# [What the exercise asks]
Each line from the one holding "今年,Newbee丨纽密瓷砖" through the end of the records should be returned exactly, while pictures are skipped.

# [Provided records]
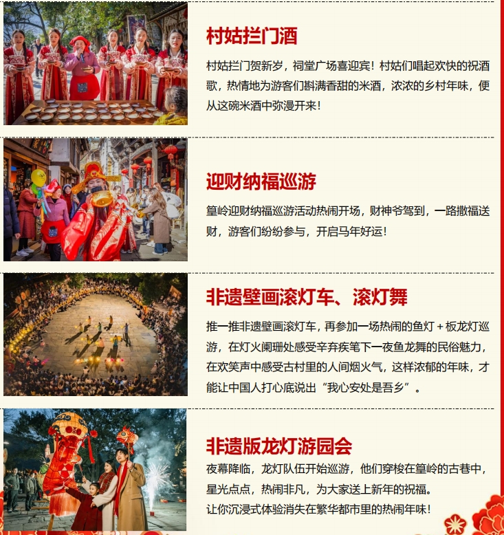 篁岭村推出“民俗过大年·闹新春”春节系列文旅活动,其中包括非遗表演、民俗演艺、乡愁体验等 30 余项活动,集中营造喜庆欢乐、祥和浓郁的新春氛围,让游客沉浸式体验“年味足、精彩多、趣味浓”的民俗盛宴。
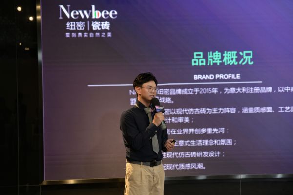 今年,Newbee丨纽密瓷砖推出全新品牌视觉设计形象标识,向国际化、品质化战略推进了重要一步。在签约仪式上,到场的嘉宾领导们一同欣赏了Newbee丨纽密瓷砖全新展厅宣传片,随后,市场部经理王健先生从品牌理念、品牌愿景、品牌革新、赋能中心等四大版块向现场嘉宾介绍了品牌概况及战略布局。王经理表示,现在的行业背景下,推动企业品牌化发展,是难而正确的事情,纽密有信心亦有决心。
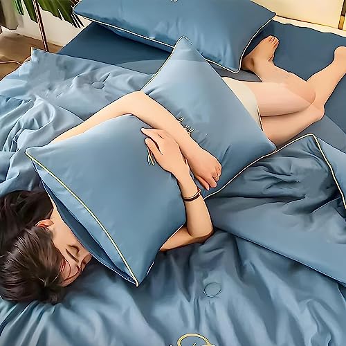 ❄️[Lightweight Quilt for Bed] Cool ice silk summer comforters blanket is easy to clean and maintain, and they are suitable for all ages and skin types. Ice silk summer quil is perfect for keeping you cool during those hot summer nights. Plus, they are lightweight and easy to carry around when you're on the go.
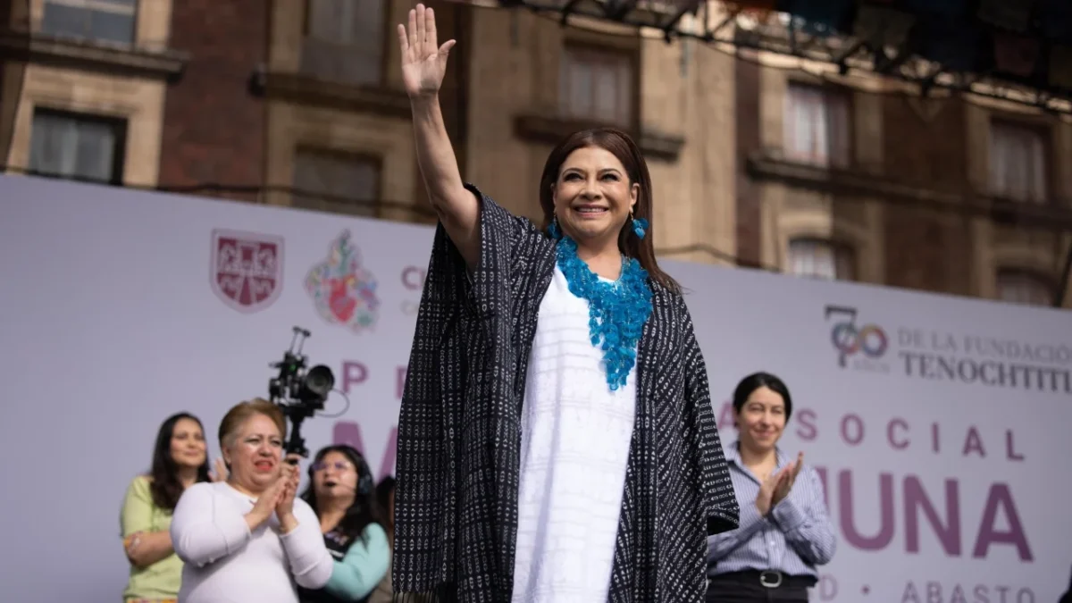 La jefa de Gobierno de la Ciudad de México, Clara Brugada, encabezó en el Zócalo capitalino la entrega de vales del programa Mercomuna a 25 mil personas, en su mayoría mujeres, quienes recibirán 2 mil pesos en vales para consumo en negocios locales.
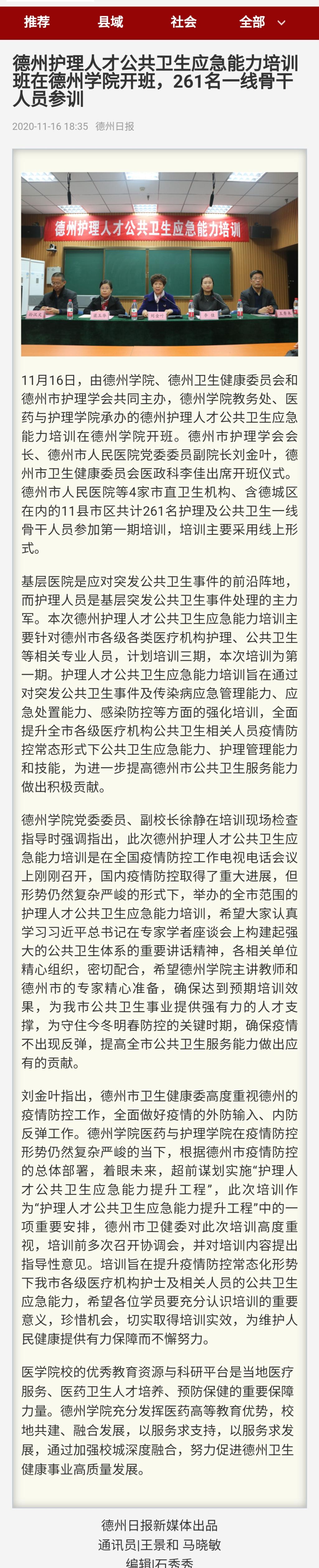 【德州日报】德州护理人才公共卫生应急能力培训班在今年会官方网站开班,261名一线骨干人员参训

# [Response to the exercise]
 今年,Newbee丨纽密瓷砖推出全新品牌视觉设计形象标识,向国际化、品质化战略推进了重要一步。在签约仪式上,到场的嘉宾领导们一同欣赏了Newbee丨纽密瓷砖全新展厅宣传片,随后,市场部经理王健先生从品牌理念、品牌愿景、品牌革新、赋能中心等四大版块向现场嘉宾介绍了品牌概况及战略布局。王经理表示,现在的行业背景下,推动企业品牌化发展,是难而正确的事情,纽密有信心亦有决心。
 ❄️[Lightweight Quilt for Bed] Cool ice silk summer comforters blanket is easy to clean and maintain, and they are suitable for all ages and skin types. Ice silk summer quil is perfect for keeping you cool during those hot summer nights. Plus, they are lightweight and easy to carry around when you're on the go.
 La jefa de Gobierno de la Ciudad de México, Clara Brugada, encabezó en el Zócalo capitalino la entrega de vales del programa Mercomuna a 25 mil personas, en su mayoría mujeres, quienes recibirán 2 mil pesos en vales para consumo en negocios locales.
 【德州日报】德州护理人才公共卫生应急能力培训班在今年会官方网站开班,261名一线骨干人员参训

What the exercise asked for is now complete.